Ah, but you can infer something from that 500 cfs, it's high for a creek and low for the MF. 2 feet on the gauge means Jack Squat without prior knowledge


----------



## carvedog (May 11, 2005)

elkhaven said:


> Ah, but you can infer something from that 500 cfs, it's high for a creek and low for the MF. 2 feet on the gauge means Jack Squat without prior knowledge


500 cfs means nothing without prior knowledge of that river and the constraints within. 

Not to pick nits but a gauge height reading is every bit as valid as the CFS measurement projected from it. It is still the same gauge.


----------



## elkhaven (Sep 11, 2013)

I'll pick that nit - 500 cfs means a lot it tells you exactly how much water is flowing through the stream. No it doesn't tell you the dimensions of the stream so you don't know if that's deep, shallow fast or slow, BUT it's infinitely more useful than 6.52' on the gauge. That could mean 30k cfs or 2 cfs on different streams.

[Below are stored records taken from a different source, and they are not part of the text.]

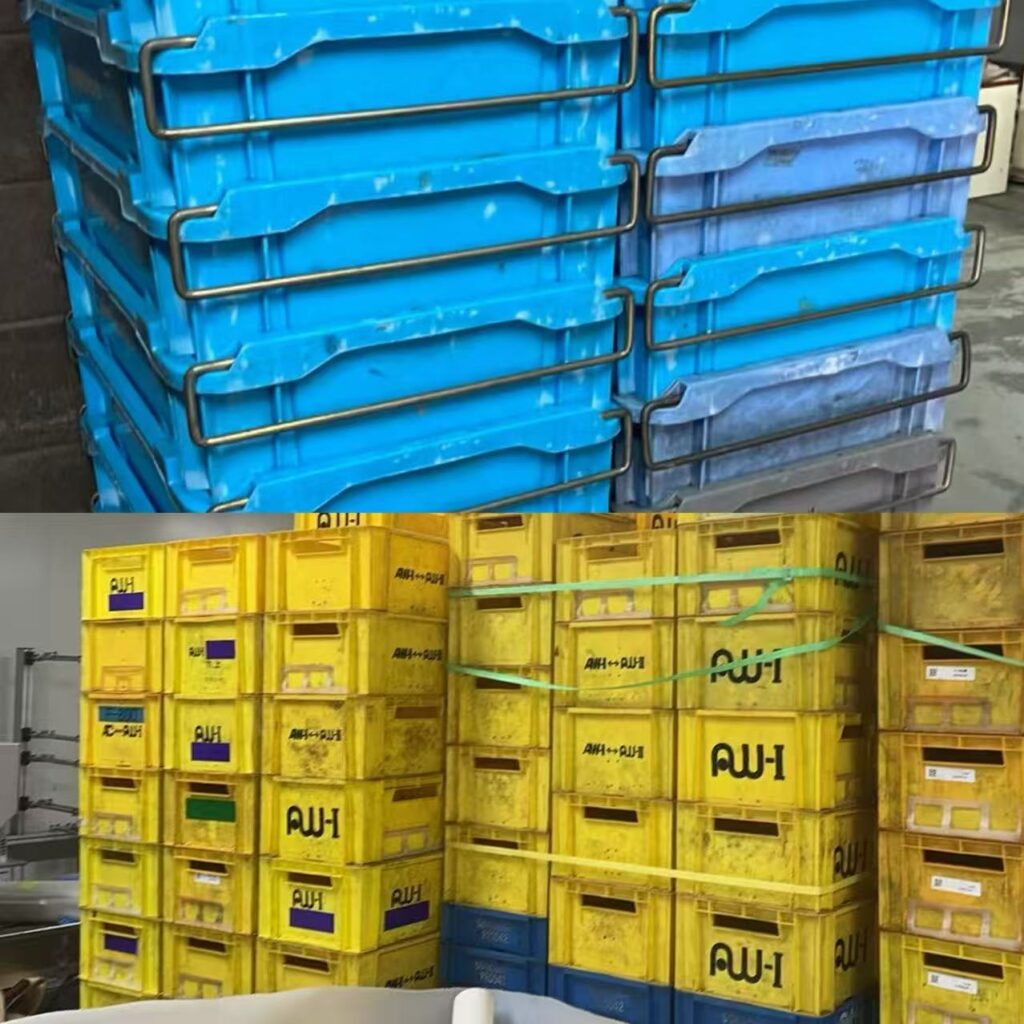 左の写真:PP箱引き取り時の写真です。写真のように金属が付属している場合も破砕機で破砕し選別後、それぞれリサイクル工程に移ります。
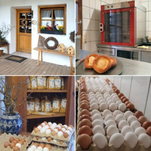 Angelika Hüttner legt großen Wert auf die Herkunft ihrer Zutaten. Die Eier stammen vom eigenen Hof, das Mehl kommt aus der regionalen Kreuzermühle. Obst, Gemüse und Kräuter wachsen im eigenen Garten. Aus diesen einfachen, ehrlichen Zutaten entstehen die Backwaren, für die sie auf dem Bauernmarkt so geschätzt wird.
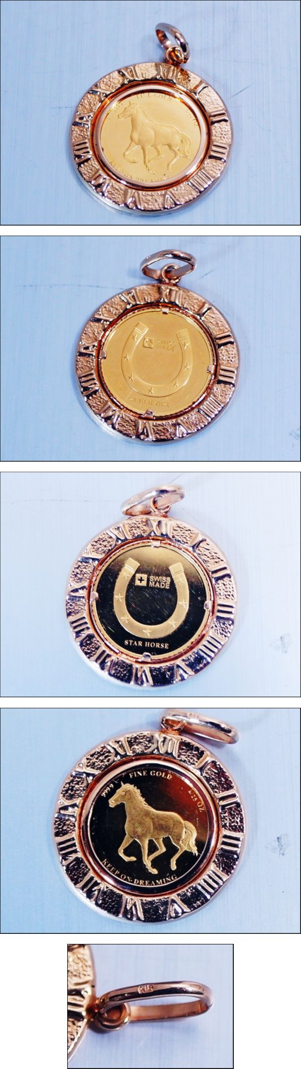 美品★純金999.9 1/25oz純金ホースコイン ペンダントトップ 18金枠 1/25oz 馬蹄 ゴールドコイン ペンダントトップ 枠K18刻印あり 24金 K24 18金 | |||
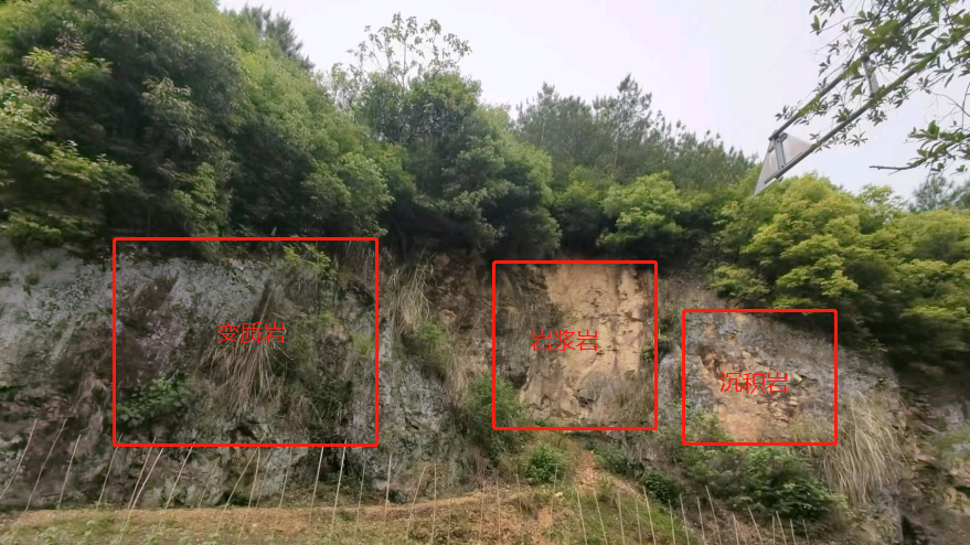 据浙江省第七地质大队自然资源环境调查研究院副院长李春忠介绍,这左、中、右三处岩石的类别和年龄都不同,特别是年龄差距非常大,相差有数亿年。“左侧的是古元古代-晚古生代龙泉俯冲增生杂岩变质岩,年龄层形成很早,最保守的话,也有4亿年;右侧像鹅卵石的那块,是早侏罗世枫坪组沉积岩,年龄大约是在1.7-2.0亿年,这两大类岩石至少有2亿年的时间跨度。中间的是晚侏罗世侵入岩(岩浆岩),大约是1.5亿年。”李春忠说。

If you were researching new trips which would you look at?


----------



## mania (Oct 21, 2003)

carvedog said:


> Not to pick nits but a gauge height reading is every bit as valid as the CFS measurement projected from it. It is still the same gauge.


False. height has absolutely no meaning without repeated runs at all different levels. move the stick 10 feet and you have to relearn everything. with cfs you can infer a lot based on the size of the drainage and gradient. move the gauge half mile up or downstream no big deal as long as you don't move it past a significant confluence.


----------



## fiya79 (Feb 9, 2010)

2.1 or whatever number measures a depth at a certain point in the river. It isn't measured from the bridge. The river bed changes slowly. I'm fine with a small degree of imperfection in the depth vs volume. That error rate doesn't change my trip. 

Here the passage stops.